**Exercise**
In the entries below, find the line with "纯棉休闲男衬衫领polo衫青年潮夏季翻领短袖t恤男士新款修身汗衫" and the line with "LTC也来到前日高点,目前在". Return those two lines and all lines between them, exactly.

--- Given records Enclosed Below ---

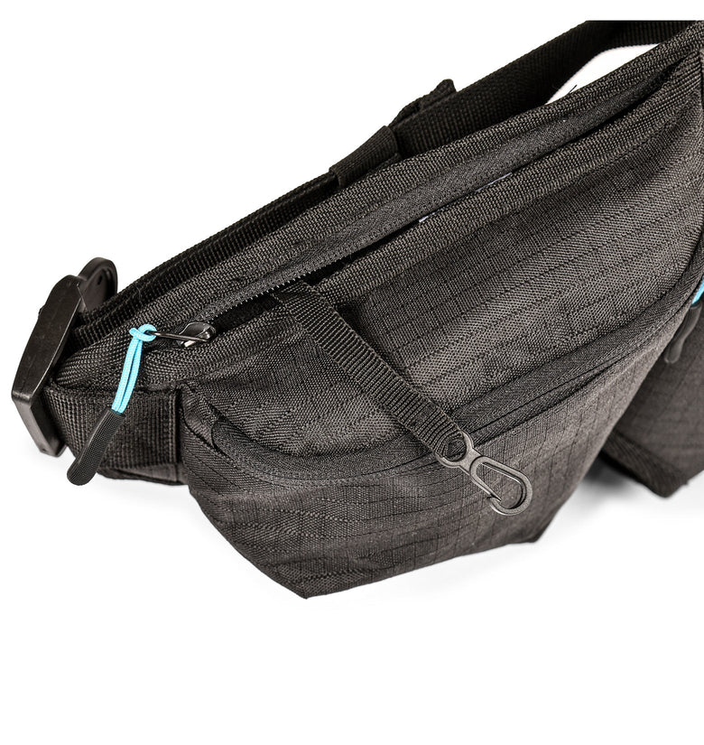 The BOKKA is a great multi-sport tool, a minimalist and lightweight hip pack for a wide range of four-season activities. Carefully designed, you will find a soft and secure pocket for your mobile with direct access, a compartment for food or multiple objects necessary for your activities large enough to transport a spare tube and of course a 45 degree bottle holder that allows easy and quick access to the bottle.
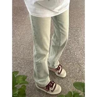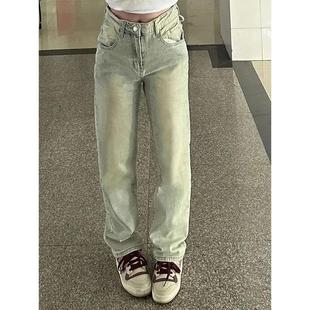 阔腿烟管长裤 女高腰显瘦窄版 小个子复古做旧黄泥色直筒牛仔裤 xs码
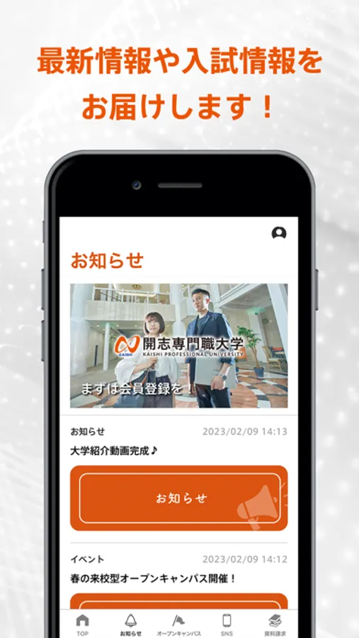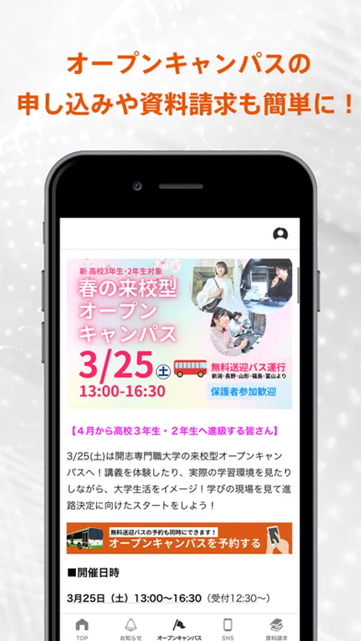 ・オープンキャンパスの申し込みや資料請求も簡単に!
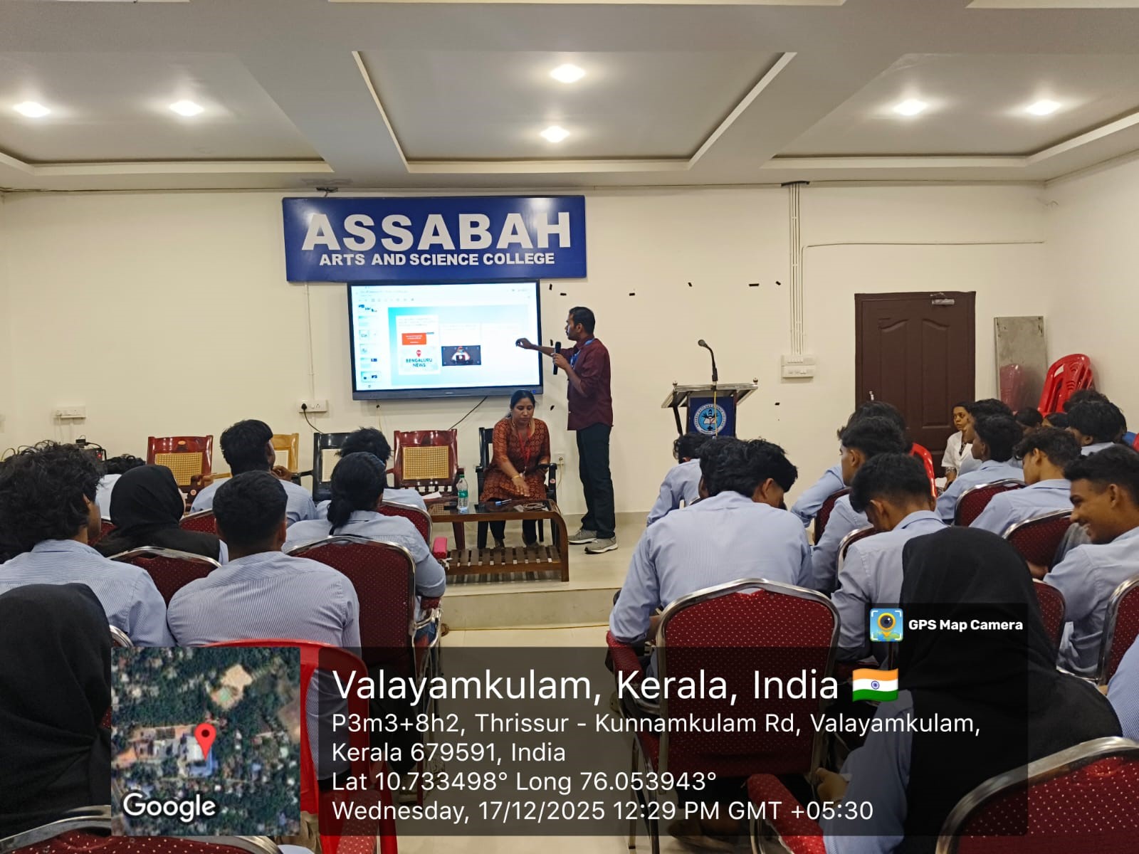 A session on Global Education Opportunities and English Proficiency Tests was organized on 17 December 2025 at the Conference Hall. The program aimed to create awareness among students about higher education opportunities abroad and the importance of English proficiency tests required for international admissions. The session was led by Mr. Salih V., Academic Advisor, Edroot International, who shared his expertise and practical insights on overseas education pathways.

--- End of Enclosed Given records ---
--- Given records Enclosed Below ---

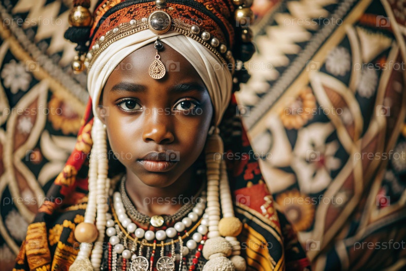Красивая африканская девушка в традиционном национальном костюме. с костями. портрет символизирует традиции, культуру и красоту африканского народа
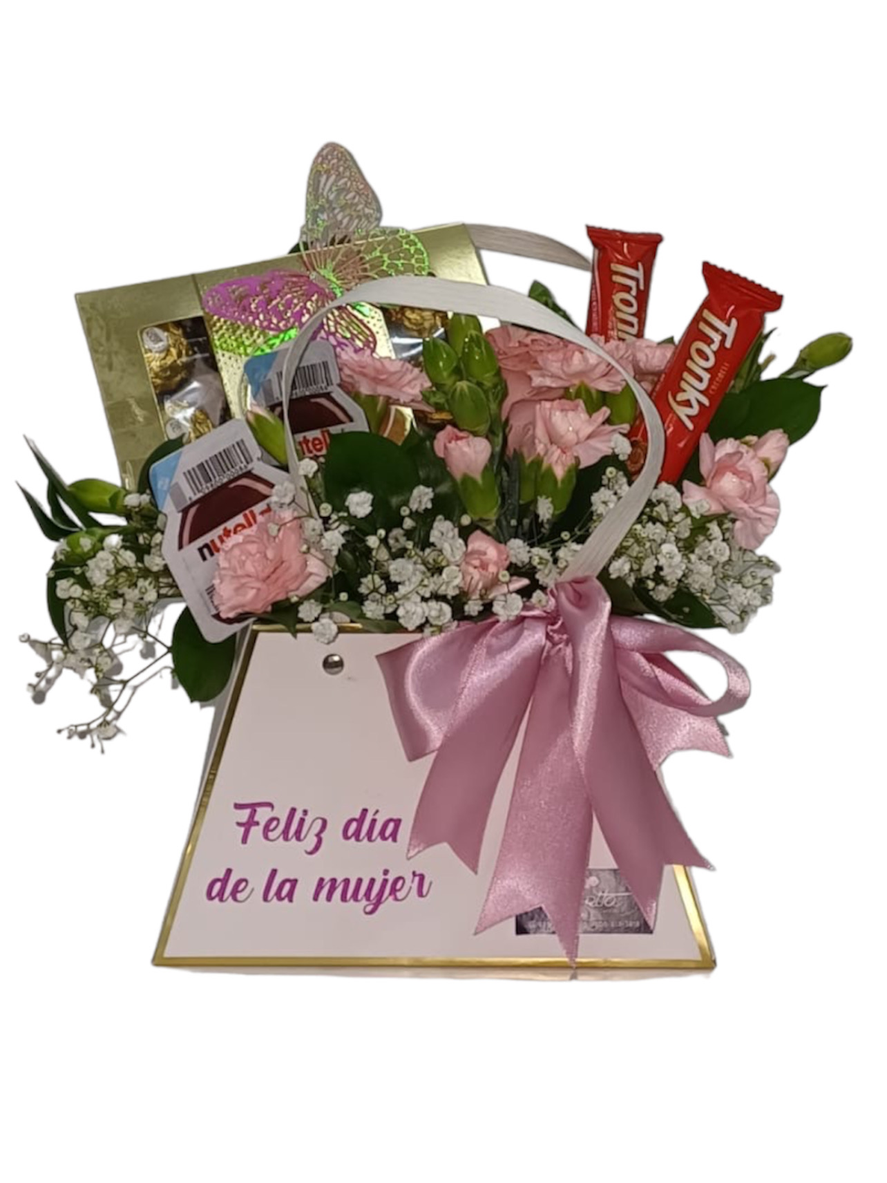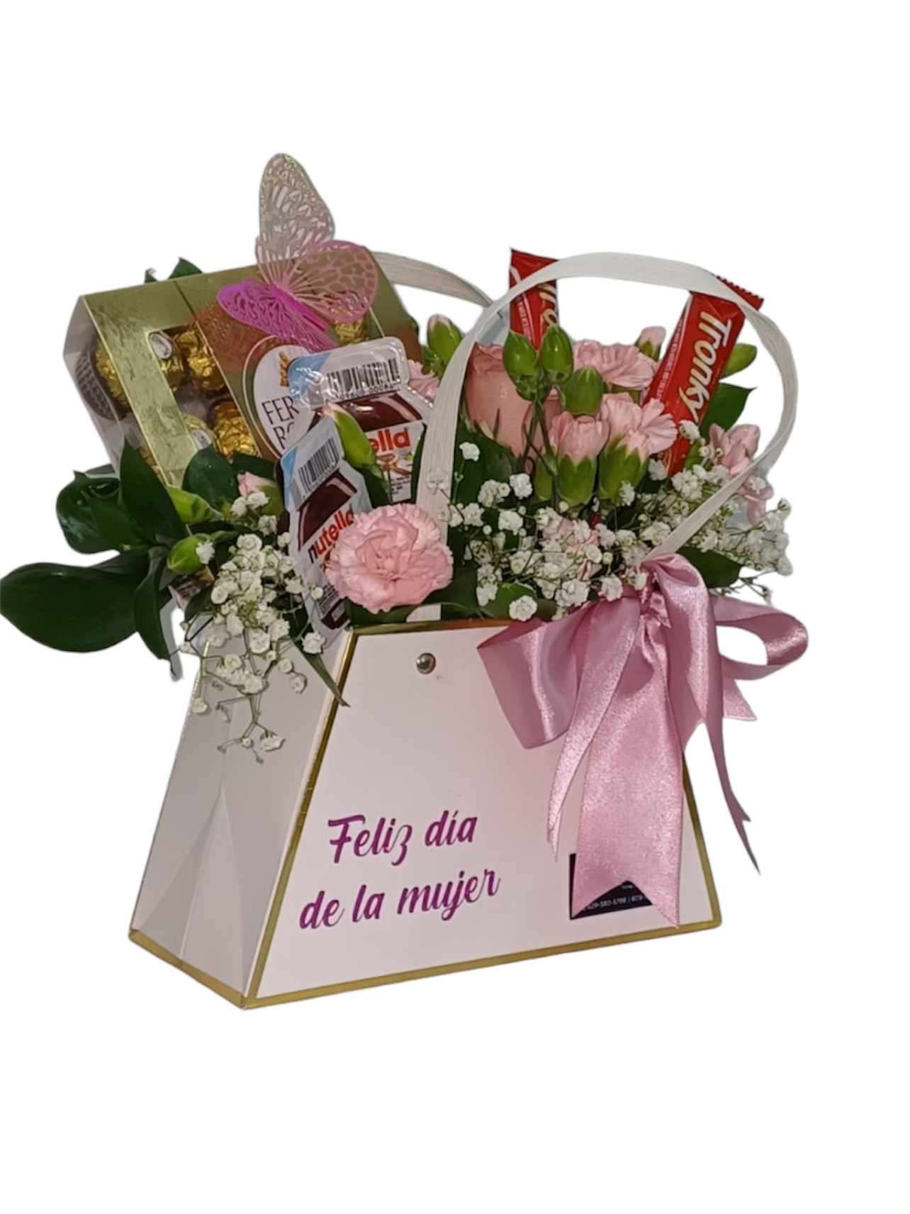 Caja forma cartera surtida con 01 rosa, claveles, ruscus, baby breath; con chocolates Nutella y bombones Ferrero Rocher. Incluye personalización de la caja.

--- End of Enclosed Given records ---
--- Given records Enclosed Below ---

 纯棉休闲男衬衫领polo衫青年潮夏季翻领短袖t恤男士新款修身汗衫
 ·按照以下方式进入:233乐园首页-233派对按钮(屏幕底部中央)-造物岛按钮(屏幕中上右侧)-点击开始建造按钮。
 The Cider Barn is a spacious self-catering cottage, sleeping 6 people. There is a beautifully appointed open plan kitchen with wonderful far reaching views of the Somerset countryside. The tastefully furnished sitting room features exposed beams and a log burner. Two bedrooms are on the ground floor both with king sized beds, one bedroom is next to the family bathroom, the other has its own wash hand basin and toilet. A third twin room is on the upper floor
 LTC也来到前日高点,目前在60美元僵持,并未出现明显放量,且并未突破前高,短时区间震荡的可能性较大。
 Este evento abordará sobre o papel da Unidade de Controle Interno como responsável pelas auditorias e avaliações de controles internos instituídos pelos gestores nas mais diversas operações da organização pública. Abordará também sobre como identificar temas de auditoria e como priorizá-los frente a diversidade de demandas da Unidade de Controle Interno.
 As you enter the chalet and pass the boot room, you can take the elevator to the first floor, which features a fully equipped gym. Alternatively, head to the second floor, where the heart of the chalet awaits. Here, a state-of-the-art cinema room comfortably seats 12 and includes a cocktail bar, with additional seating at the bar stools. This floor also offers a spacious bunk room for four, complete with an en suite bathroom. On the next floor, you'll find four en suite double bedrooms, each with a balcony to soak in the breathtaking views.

--- End of Enclosed Given records ---

**Your response**
 纯棉休闲男衬衫领polo衫青年潮夏季翻领短袖t恤男士新款修身汗衫
 ·按照以下方式进入:233乐园首页-233派对按钮(屏幕底部中央)-造物岛按钮(屏幕中上右侧)-点击开始建造按钮。
 The Cider Barn is a spacious self-catering cottage, sleeping 6 people. There is a beautifully appointed open plan kitchen with wonderful far reaching views of the Somerset countryside. The tastefully furnished sitting room features exposed beams and a log burner. Two bedrooms are on the ground floor both with king sized beds, one bedroom is next to the family bathroom, the other has its own wash hand basin and toilet. A third twin room is on the upper floor
 LTC也来到前日高点,目前在60美元僵持,并未出现明显放量,且并未突破前高,短时区间震荡的可能性较大。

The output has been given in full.